The normal curve area to the right of x=17, we need to calculate the cumulative probability from x=17 to infinity, result is approximately 1.7112e-06 or 0.0000017112.

To find . Using software, we can calculate this as follows:

In Excel: =1 - NORM.DIST(17, 30, 6, TRUE)

In Minitab: 1 - CDF.NORMAL(17, 30, 6)

The result is approximately 0.9944579.

(b) To find the normal curve area to the left of x=22, we need to calculate the cumulative probability from negative infinity to x=22. Using software, we can calculate this as follows:

In Excel: =NORM.DIST(22, 30, 6, TRUE)

In Minitab: CDF.NORMAL(22, 30, 6)

The result is approximately 0.0912112.

(c) To find the normal curve area between x=32 and x=41, we need to calculate the cumulative probability from x=32 to x=41. Using software, we can calculate this as follows:

In Excel: =NORM.DIST(41, 30, 6, TRUE) - NORM.DIST(32, 30, 6, TRUE)

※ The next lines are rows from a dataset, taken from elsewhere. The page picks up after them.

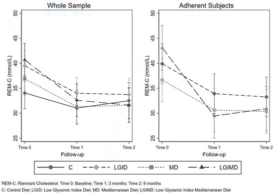 In this research, all diets had a direct effect in lowering the levels of REM-C after 3 and 6 months of intervention in subjects with MetS. In adherent subjects, this effect was stronger mostly among LGIMD as compared to the control group.
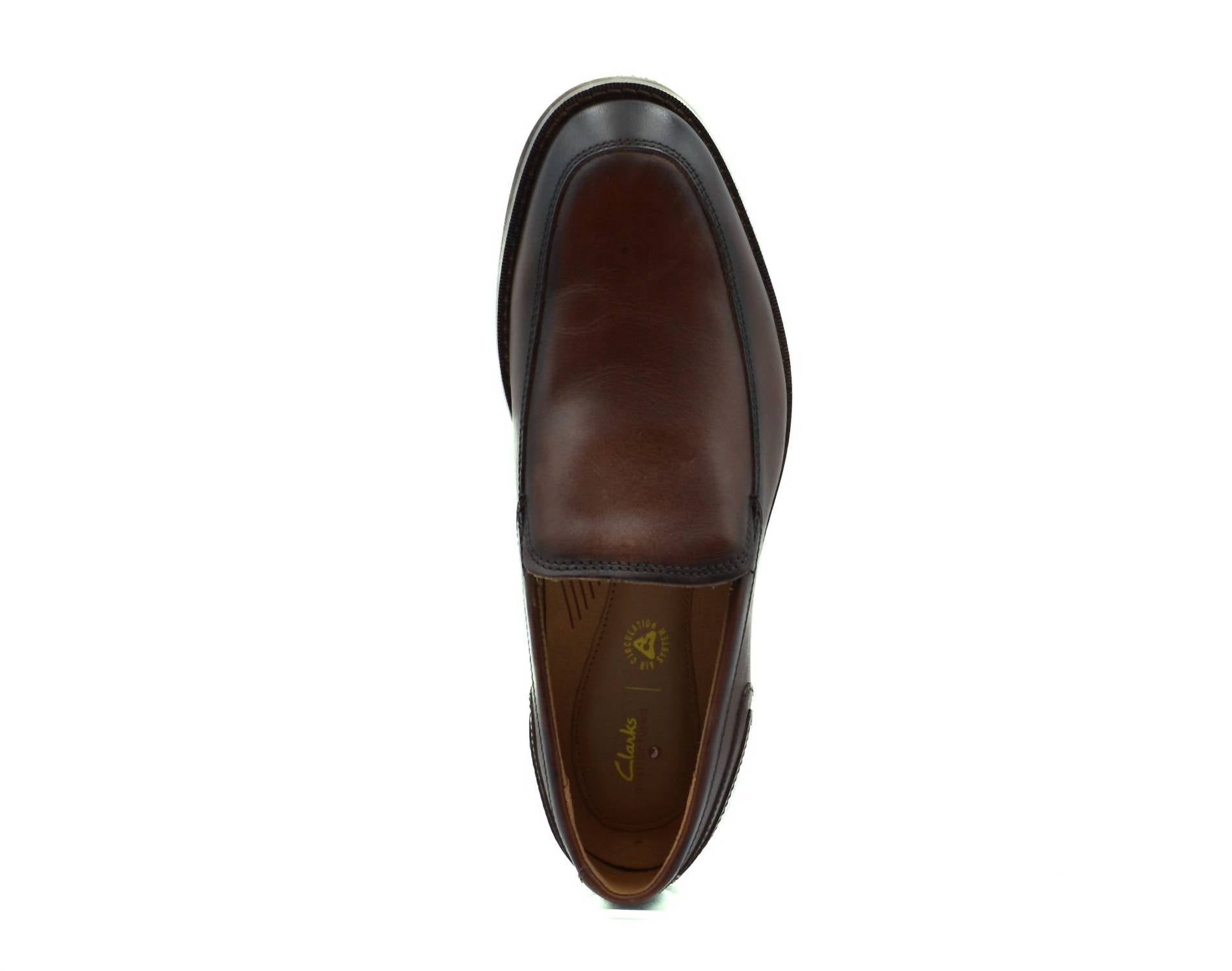Step into elegance with the Clarks Men's Un Hugh Step Shoes, a perfect blend of vintage and modern style. Crafted from high-quality leather, these loafers in a rich brown color offer an ideal choice for evening events. Featuring an almond toe shape and a sophisticated block heel, they provide both comfort and timeless appeal. Designed for the summer season, these slip-ons are a must-have for any fashion-conscious man.
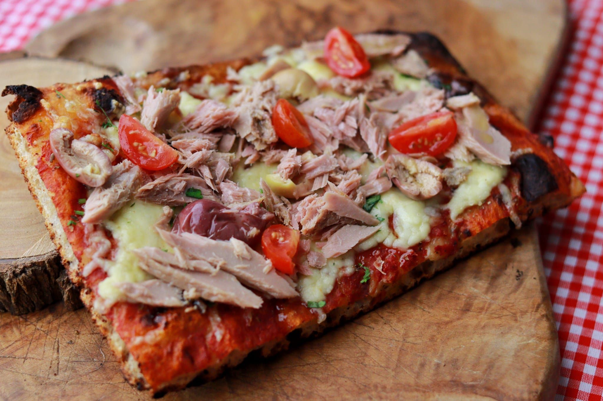 Sauce tomate Origan, mozzarella, olives, Tomates cerises, persil. Thon
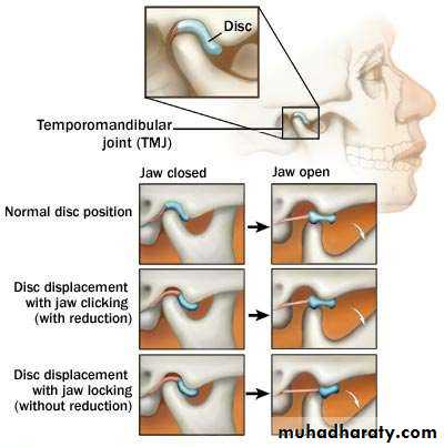 • If the displaced disc does not return to the normal position and acts as an obstacle during attempted mouth opening, the joint appears as locked. This is referred to as disc displacement without reduction
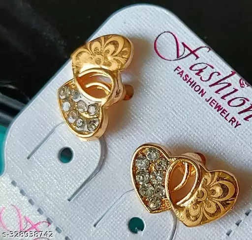 Gold finish interlocked double heart with stones and flower detailing on the other side.
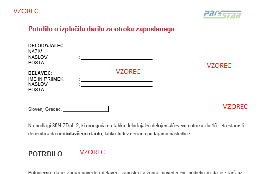 Za boniteto v obliki obdaritve delojemalčevih otrok pa pod izpolnjenimi pogoji iz 39/4 ZDoh-2 (starost otroka do 15 let, vrednost darila do 42 EUR, obdaritev decembra) velja, da ni obdavčena z dohodnino in posledično prispevki za socialno varnost, tudi če delodajalec delojemalcu ali njegovemu otroku zagotovi denar za nakup darila (na primer z namenom, da otrok prejme primerno darilo glede na njegovo starost).
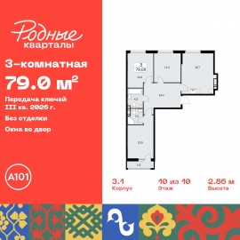 Продается 3-комн. квартира от застройщика в ЖК "Родные кварталы" на 10 этаже. Квартира без отделки, после получения ключей можно делать ремонт. Общая площадь: 79 кв.м., жилая: 37.2 кв.м., площадь просторной кухни-столовой: 18.7 кв.м. Квартира - распашонка, очень светлая, без проходных...
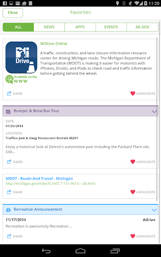 Favorites – Save the News, Events, Apps and Michigan websites you want to come back to often.
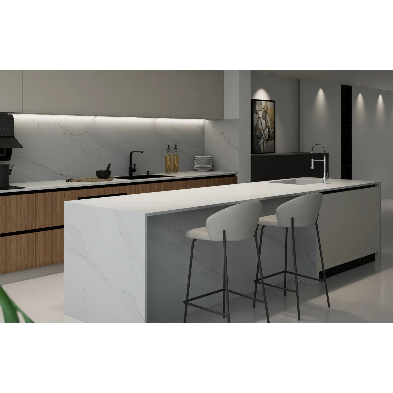 9977 Ice Drift is a sophisticated crystalline silica-free mineral surface, exclusively available at Bamby Stone. Its cool white base is elegantly enhanced with ultra-soft pale grey Calacatta-style veining, subtly layered with fine warm-toned accents that drift fluidly across the surface. This graceful composition captures the harmony of modern luxury and timeless stone appeal.

In Minitab: CDF.NORMAL(41, 30, 6) - CDF.NORMAL(32, 30, 6)

The result is approximately 0.1704706.

(d) To find the value of x that has 80% of the normal curve area to the left, we need to find the x-value corresponding to the cumulative probability of 0.8. Using software, we can calculate this as follows:

In Excel: =NORM.INV(0.8, 30, 6)

In Minitab: QUANT.NORMAL(0.8, 30, 6)

The result is approximately 35.07777.

(e) To find the two values of x that contain the middle 75% of the normal curve area, we need to find the x-values corresponding to the cumulative probabilities of 0.125 and 0.875. Using software, we can calculate this as follows:

In Excel: =NORM.INV(0.125, 30, 6) and =NORM.INV(0.875, 30, 6)

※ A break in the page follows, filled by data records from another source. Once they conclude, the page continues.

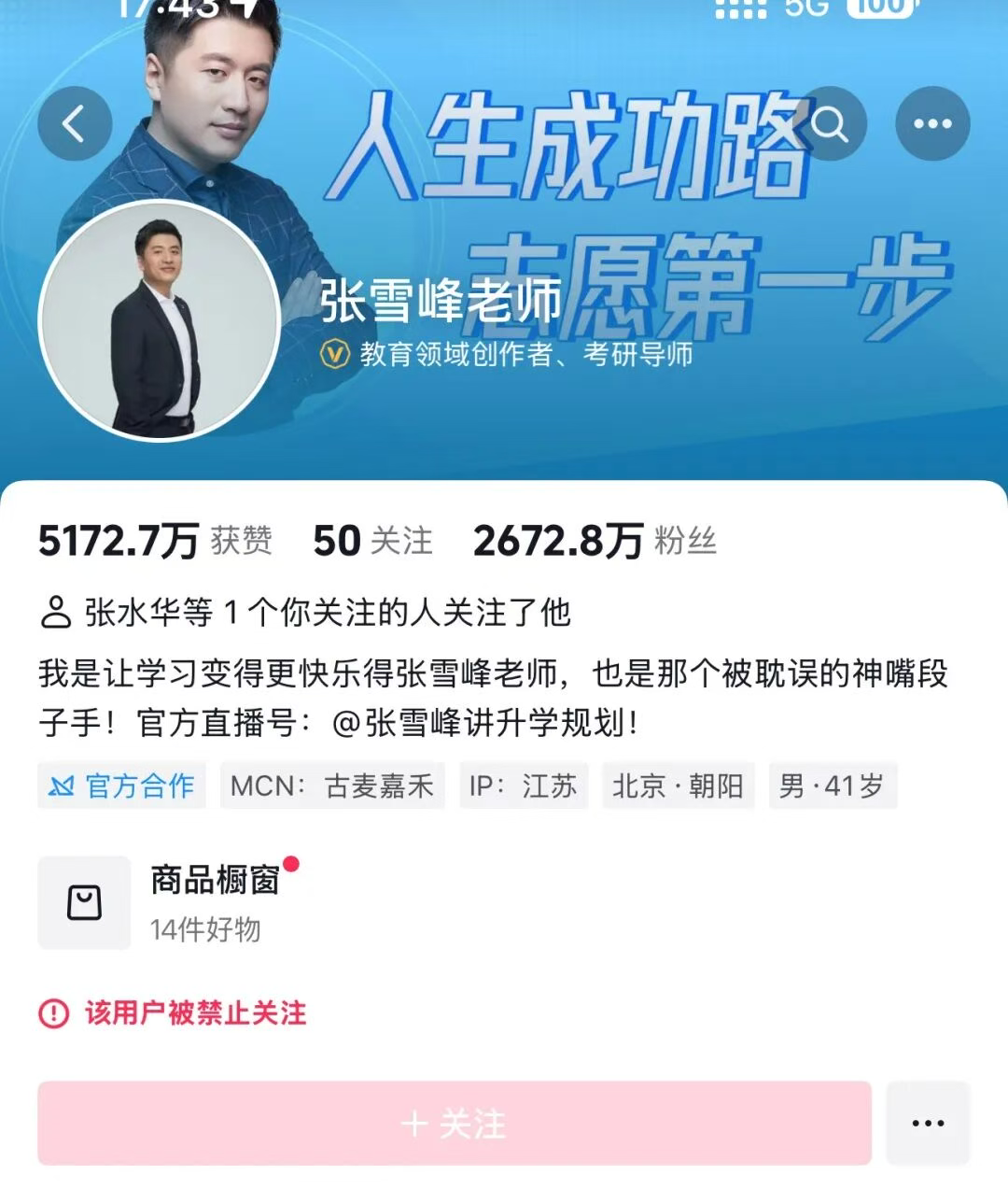4、9月24日,张雪峰在主流平台的账号,全部被禁止关注,理由是违反社区规定。
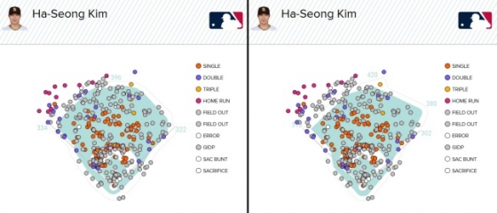 타격에 대한 기대감도 무시할 수 없다. 올 시즌 김하성은 150경기 타율 0.251, 11홈런 59타점 12도루, OPS 0.708, 조정 OPS 107로 리그 평균 이상의 생산성을 보여줬다. 투수 친화적인 구장이 3개(다저스타디움, 펫코 파크, 오라클 파크)나 되는 내셔널리그 서부지구에서 시즌 대부분의 경기를 치렀음에도 나온 성적이다.
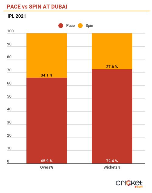 The average first innings score at the Dubai International Stadium is around the 150-run mark. The venue has consistently produced matches that were good for batsmen and for pacers as well. Spinners have been frugal with an economy of 7.1 but have a strike rate of 25.2 to pacers' 18.6. Pacers have claimed 72.4% of the wickets at the venue this season at a better average of 24.6. It is better to pick one of your premier spinners alongside four pacers for the game.

In Minitab: QUANT.NORMAL(0.125, 30, 6) and QUANT.NORMAL(0.875, 30, 6)

The results are approximately 22.48107 and 37.51893.

To solve these problems, we can use a statistical software like Minitab or Excel.

(a) To find the probability that a trip will take at least 1/2 hour (30 minutes), we need to calculate the cumulative probability from x=30 to infinity. Using software, we can calculate this as follows:

In Excel: =1 - NORM.DIST(30, 24, 3.8, TRUE)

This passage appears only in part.